JetLAG is an independent music and arts festival founded in 2009 and associated with Russian-speaking and Eastern European diaspora communities in the United States. The slogan of the festival is: "You'll Find What You Love, You'll Love What You Find". It is located in upstate New York featuring music, dance, visual arts, poetry, workshops and dedicated programming for children.

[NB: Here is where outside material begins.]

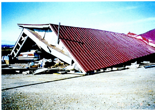
3. 地震による農家納屋の倒壊 (豊頃町)

The name combines 'jet lag' and the Russian word lager ('camp'). The name was intended to symbolize connections across geographic distances.

The festival's programming includes cross-cultural, diaspora, traditional, contemporary and experimental music and arts. In addition to performances, the event includes workshops and other community activities.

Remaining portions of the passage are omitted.